The Biggest Frog Awakens

T HE Biggest Frog stretched the four toes of his right forefoot. Then he stretched the four toes of his left forefoot. Next he stretched the five toes of his right hindfoot. And last of all he stretched the four toes of his left hindfoot. Then he stretched all seventeen toes at once. He should have had eighteen toes to stretch, like his friends and neighbors, but something had happened to the eighteenth one a great many years before. None of the pond people knew what had happened to it, but something  had, and when the Tadpoles teased him to tell them what, he only stared at them with his great eyes and said, "My children, that story is too sad to tell."

After the Biggest Frog had stretched all his toes, he stretched his legs and twitched his lips. He poked his head out of the mud a very, very little way, and saw a Minnow swimming past. "Good day!" said he. "Is it time to get up?"

"Time!" exclaimed the Minnow, looking at him with her mouth open. "I should say it was. Why, the watercress is growing!"

Now every one who lives in a pond knows that when the watercress begins to grow, it is time for all the winter sleepers to awaken.
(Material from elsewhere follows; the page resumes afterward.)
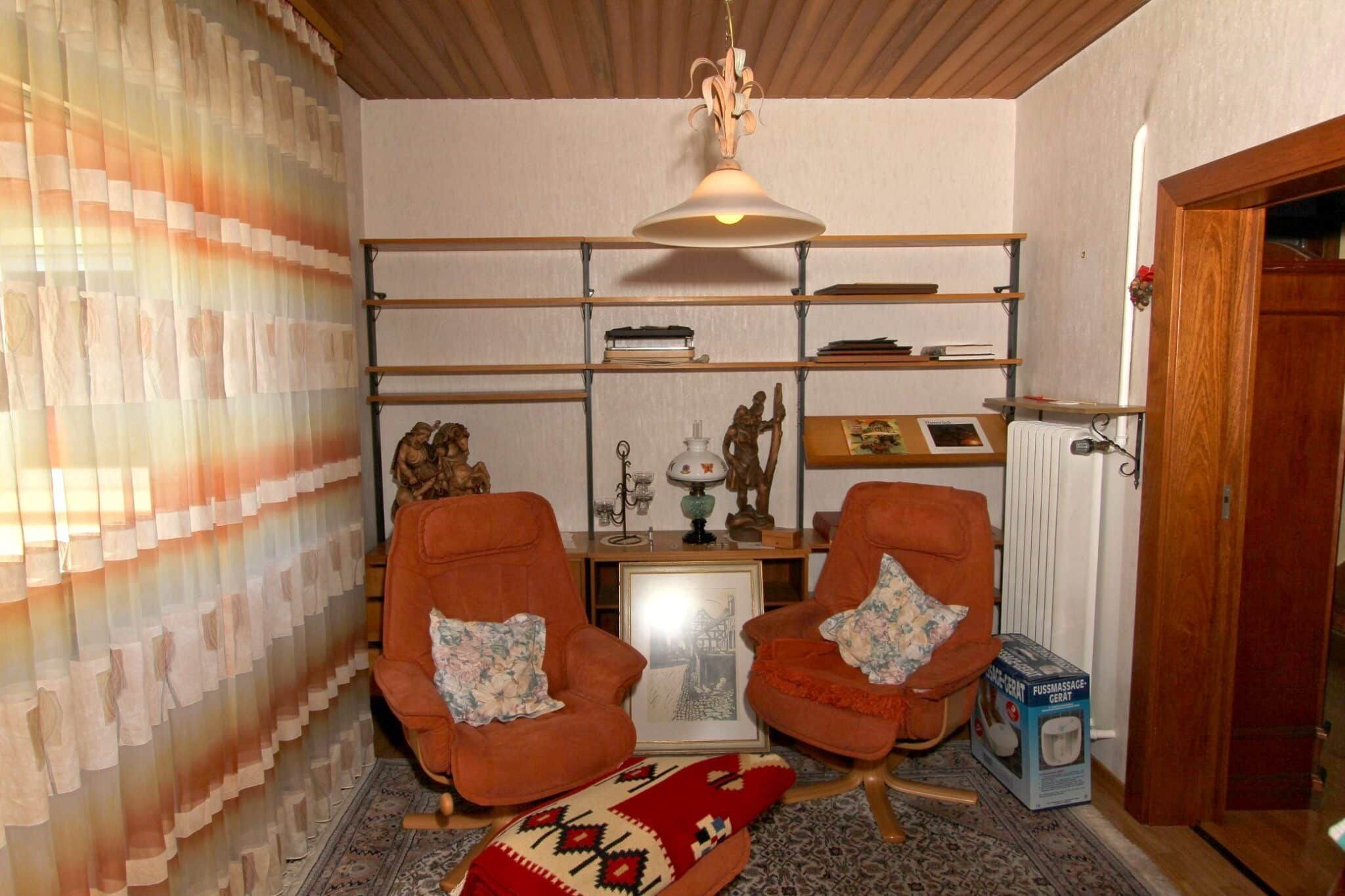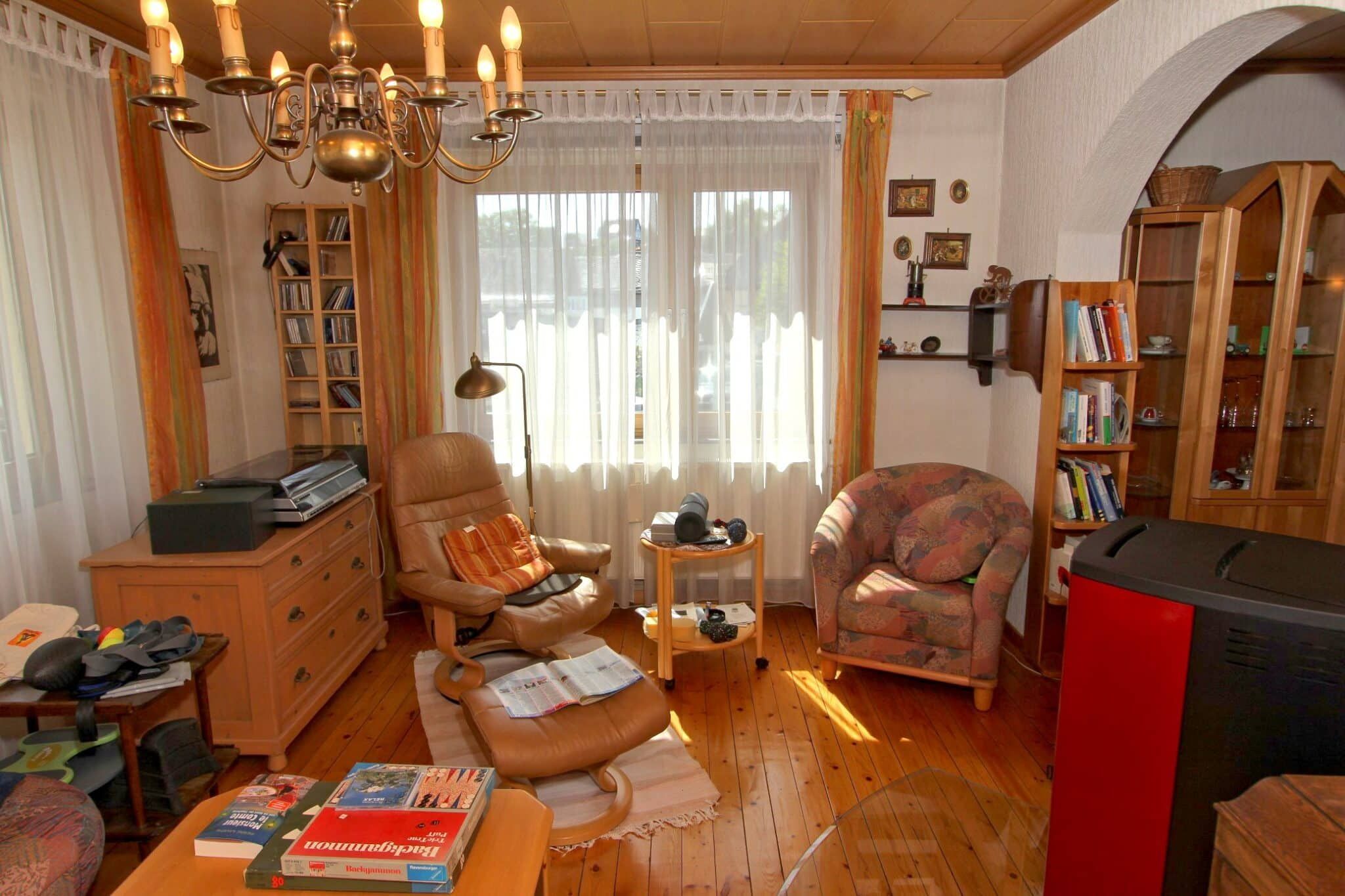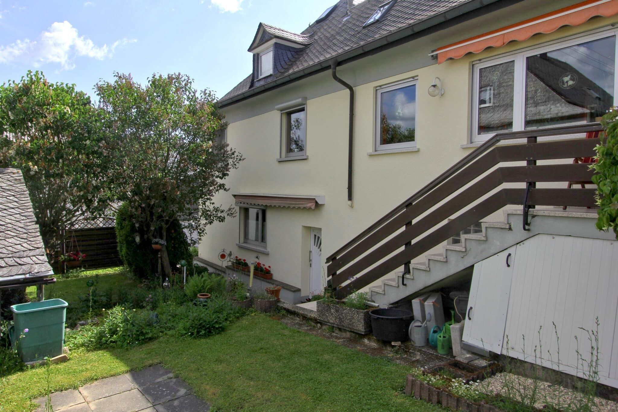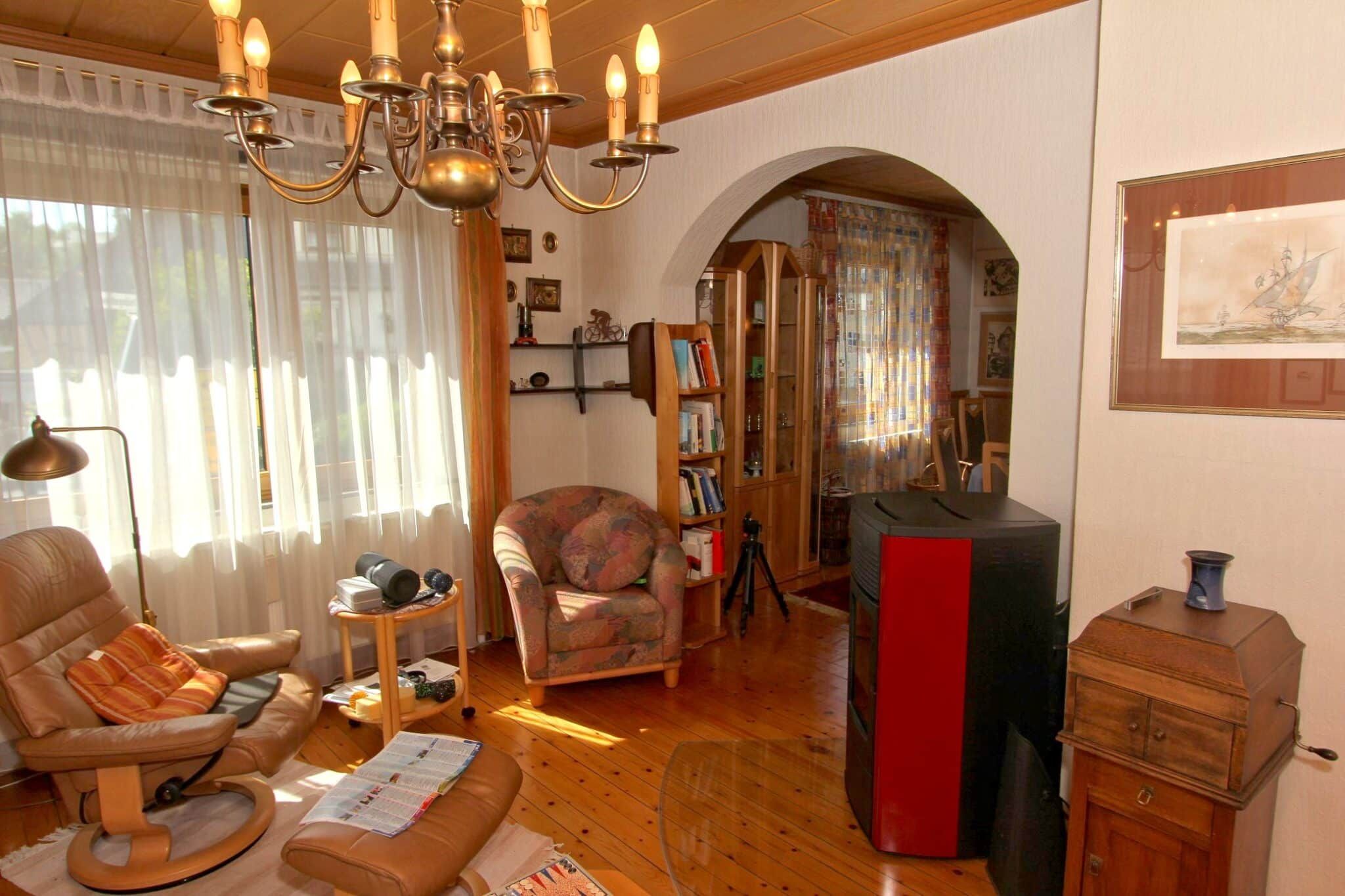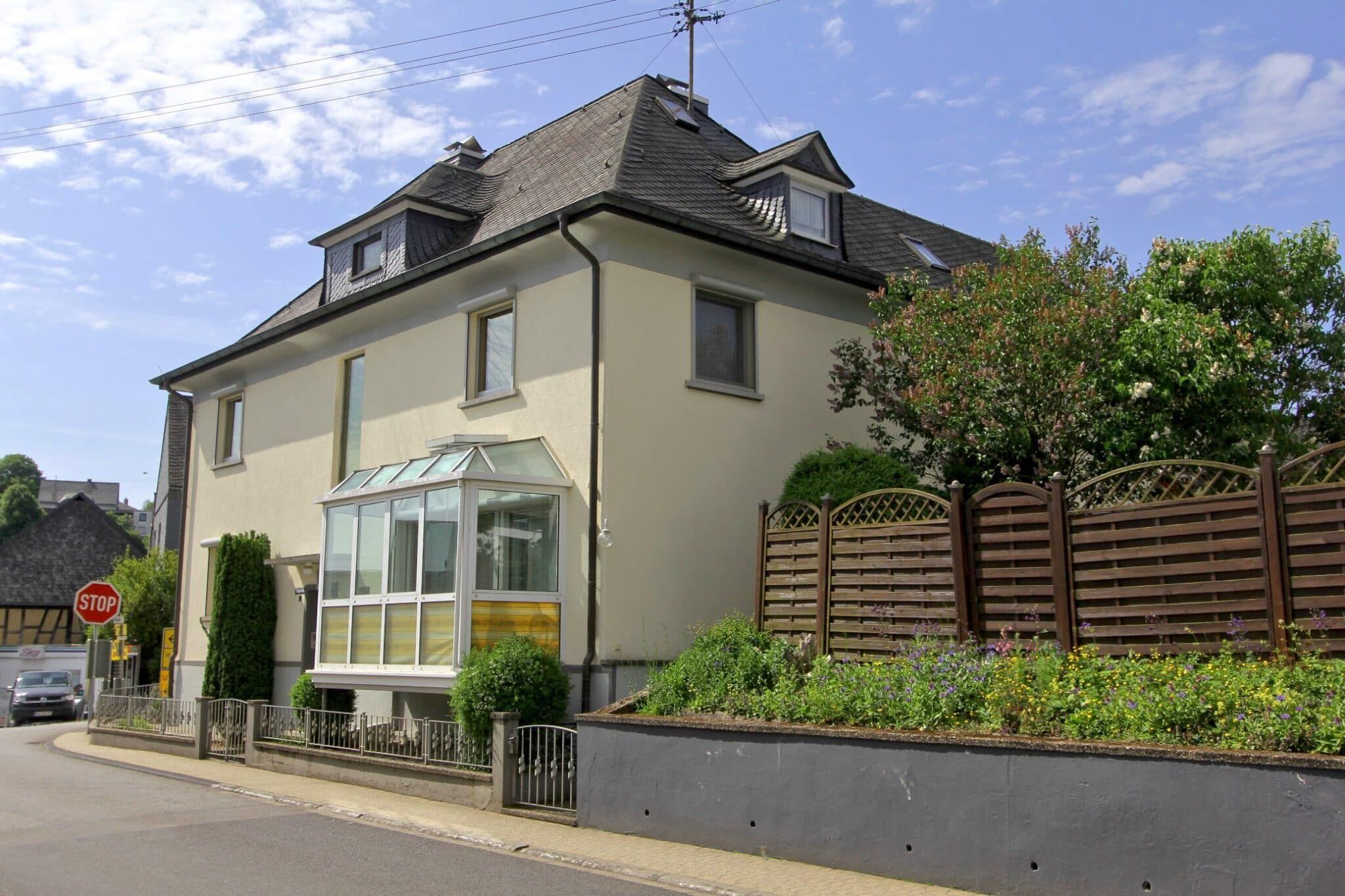 In der Schulstraße, zentral gelegen, wurde im Jahre 1936 dieses repräsentative Anwesen als Wohn- und Geschäftshaus erbaut. 1961 wurde die ehemalige Garage zu Wohnraum umgebaut und 1970 die Terrasse zu einem neuen Gebäudeteil mit Walmdach aufgestockt. Das Haus kann als Ganzes mit mehreren Generationen, als einzelne Wohnungen oder – wie ursprünglich – als Wohn- und Geschäftshaus genutzt werden. Durch das vorgelagerte Treppenhaus sind die Wohnbereiche in Erd- und Obergeschoss separiert und in sich abgeschlossen. Der Wohnbereich im Dachgeschoss ist durch den Flur der Obergeschosswohnung zu erreichen.

The Biggest Frog crawled out of the mud and poked this way and that all around the spot where he had spent the cold weather. "Wake up!" he said. "Wake up! Wake up!" The water grew dark and cloudy because he kicked up so much mud, but when it began to clear again he saw the heads of his friends peeping up everywhere out of that part of the pond bottom. Seven of them had huddled close to him all winter. "Come out!" he cried. "The spring is here, and it is no time for Frogs to be asleep."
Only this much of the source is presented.